On the MEP-23 cross-language lists/fill_sum bench, N=1024 on Apple M4 (Go 1.25), current measured ~3805 ns/op for vm2; predicted with Option A: ~1500-1900 ns/op, closing ~70% of the gap to the Go-native floor at 935 ns/op. On strings/concat_loop (rope-shape baseline from MEP-29), the JIT's win is smaller (~1.3x) because the hot path is already dominated by allocation, not dispatch.

Open questions

  • Per-shape vs per-shape-tuple templates. Templates for binary opcodes (e.g. OpListConcat) explode quadratically in shape count. Cap the explosion by deferring shape-tuples beyond a threshold to the interpreter? Or factor them via a runtime shape-merging table inside the snippet?

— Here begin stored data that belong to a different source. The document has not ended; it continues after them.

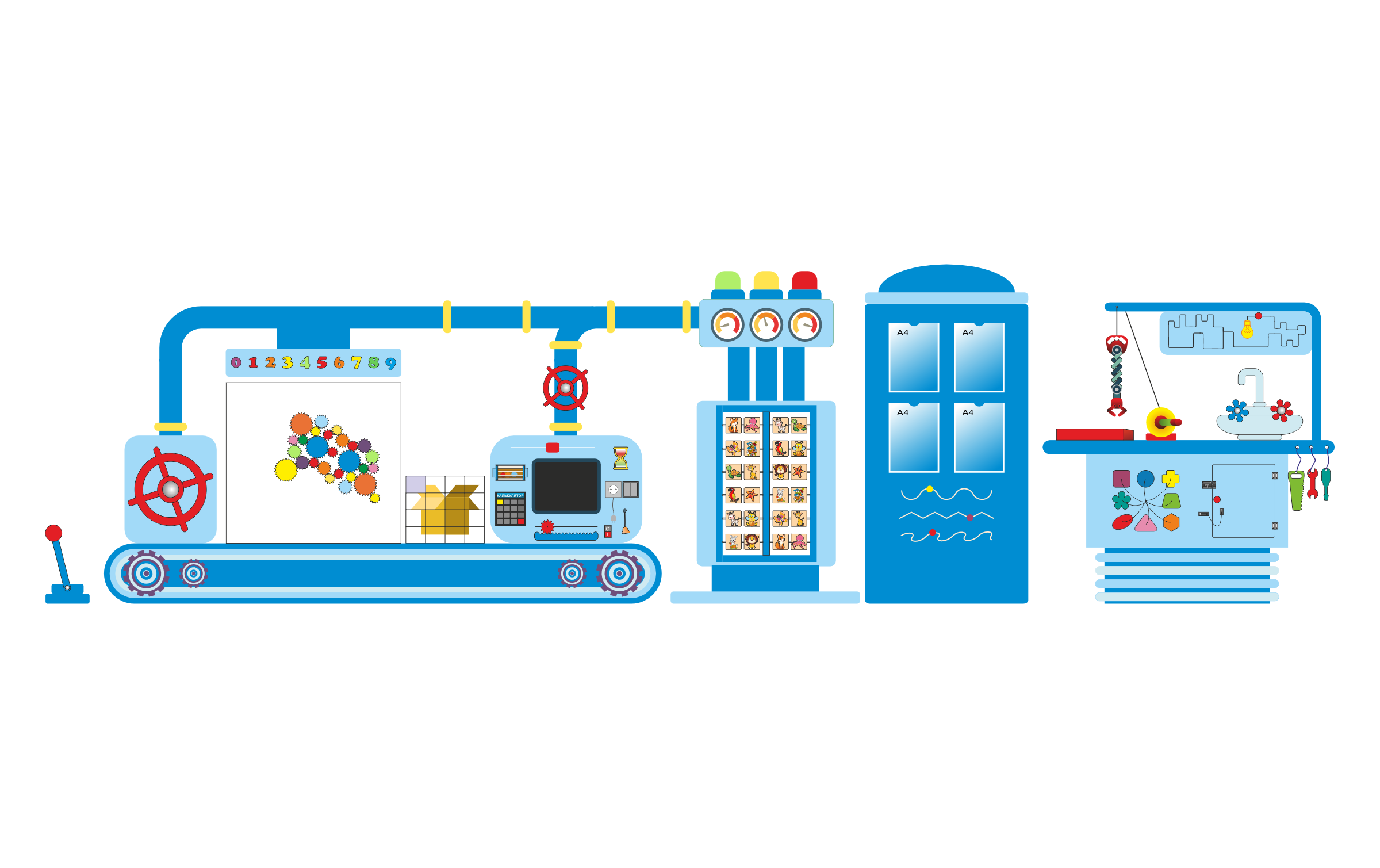 Панель «Конвейер» - основная панель для развития моторики, включает: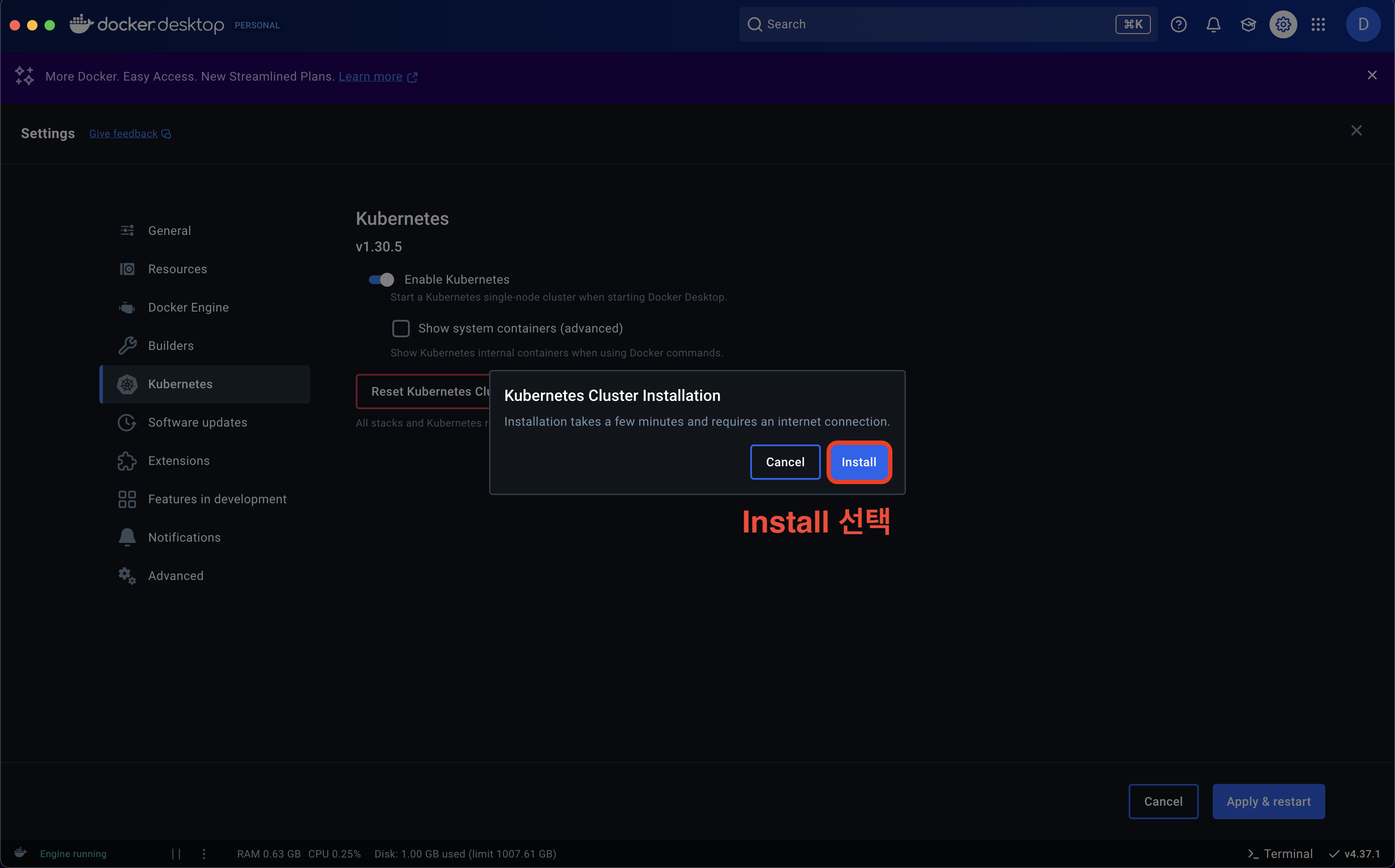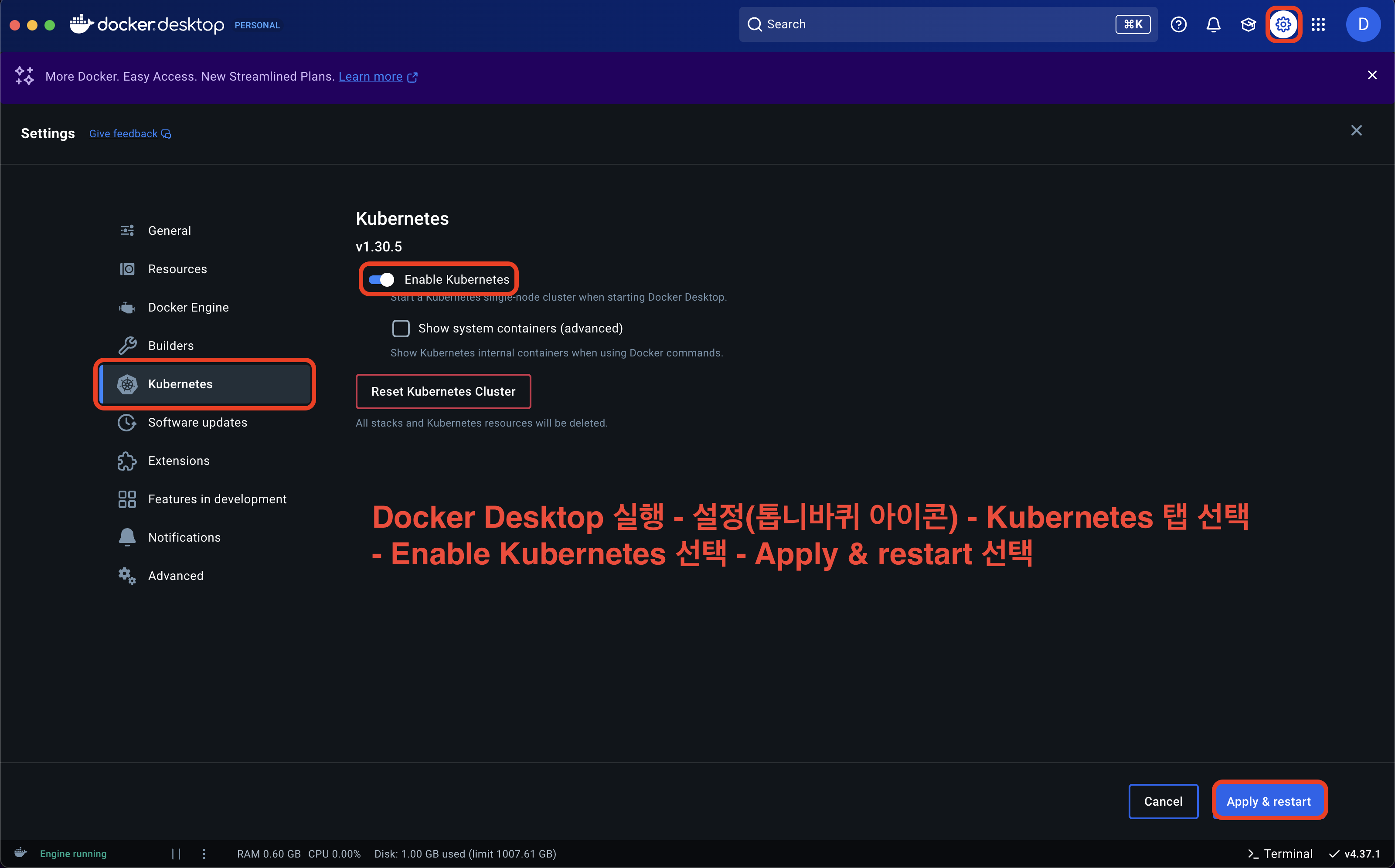 Docker Desktop을 활용하여 쿠버네티스를 설치합니다.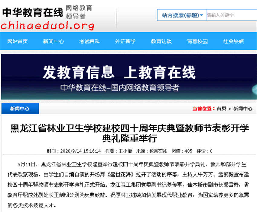 【中華教育在線網(wǎng)】黑龍江省林業(yè)衛(wèi)生學(xué)校建校四十周年慶典暨教師節(jié)表彰開學(xué)典禮隆重舉行 |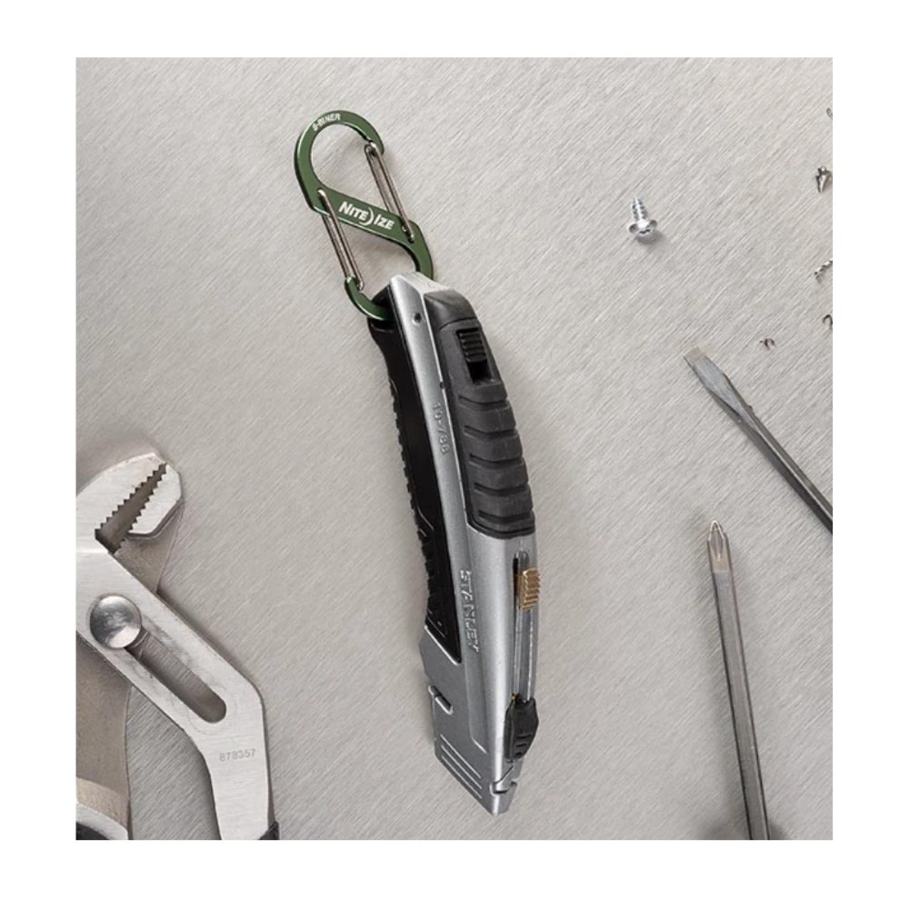 Nite-Ize S-Biner Dual Carabiner Aluminium 3 Pack The iconic S-Biner design allows quick and easy attachment using its unique double-gated design. The lightweight and colourful aluminium body with stainless steel gates are available in a variety of sizes, creating a perfect way to hold, secure and connect everything from keys to water bottles to gear. Solid aluminum construction Secure stainless steel wire gates Lightweight and strong Size # 2: Colour: Orange Dimensions: .9″ x 2″ x .4″ | 23mm x 50mm x 10mm Weight: .1oz | 4g Size # 3: Colour: Moss Green Dimensions: 1.2″ x 2.7″ x .4″ | 31mm x 68mm x 11mm Weight: .3oz | 9g Size # 4: Colour: Light Blue Dimensions: 1.7″ x 3.6″ x .6″ | 42mm x 91mm x 14mm Weight: .7oz | 19g WARNING: Not for use where disengagement could result in bodily injury or property damage. Not for climbing. (SBA234-A2-R6)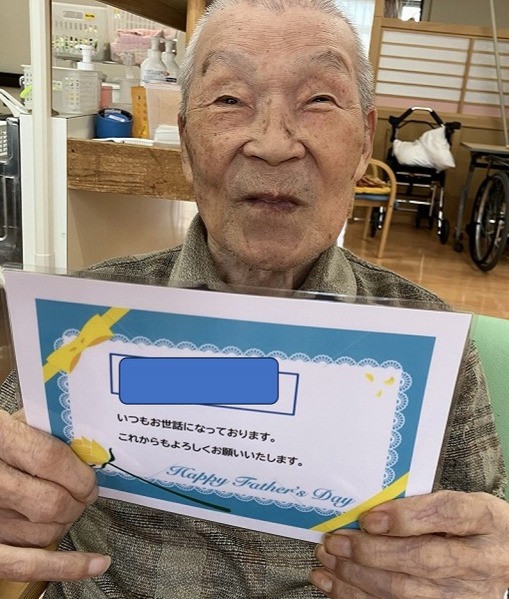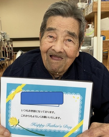 6月15日、父の日にラミネートして作成した、父の日カードを利用者様に渡し、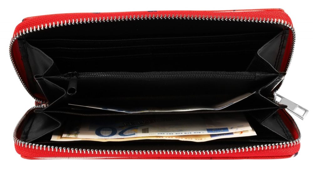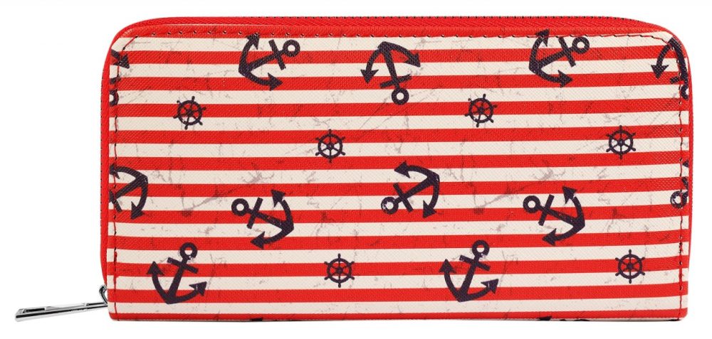A carteira marítima em formato de paisagem é feita de imitação de couro. O forro interior é feito de material sintético. A carteira tem 3 compartimentos para notas, um pequeno compartimento para trocos com fecho de correr, 8 ranhuras para cartões de crédito e 2 compartimentos de encaixe. A carteira não só chama a atenção, como também economiza espaço. Tudo pode ser guardado de forma segura com um fecho de correr no exterior. O tamanho resulta de um comprimento de 10 cm, uma largura de 19 cm e uma espessura de 3 cm.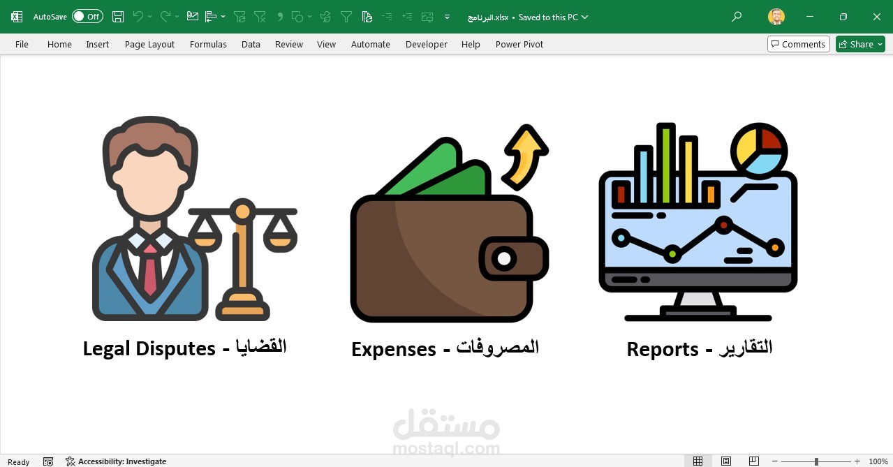 ملف اكسل ذكي لمكتب محاماه نظام إدارة المصروفات، القضايا، والتقارير – تحكم كامل بكل تفاصيل عملك! ️

  • AArch64 PAC interaction. Apple Silicon enforces pointer authentication on return addresses. The trampoline must sign/authenticate its own return path; the JIT body is leaf and unaffected. Verify on real hardware before merging.
  • Whether to ship the JIT off by default in 1.0. Sparkplug shipped on by default; CPython 3.13's JIT shipped off. Mochi should pick once tier 1 lands and MEP-29-equivalent measurements are in hand.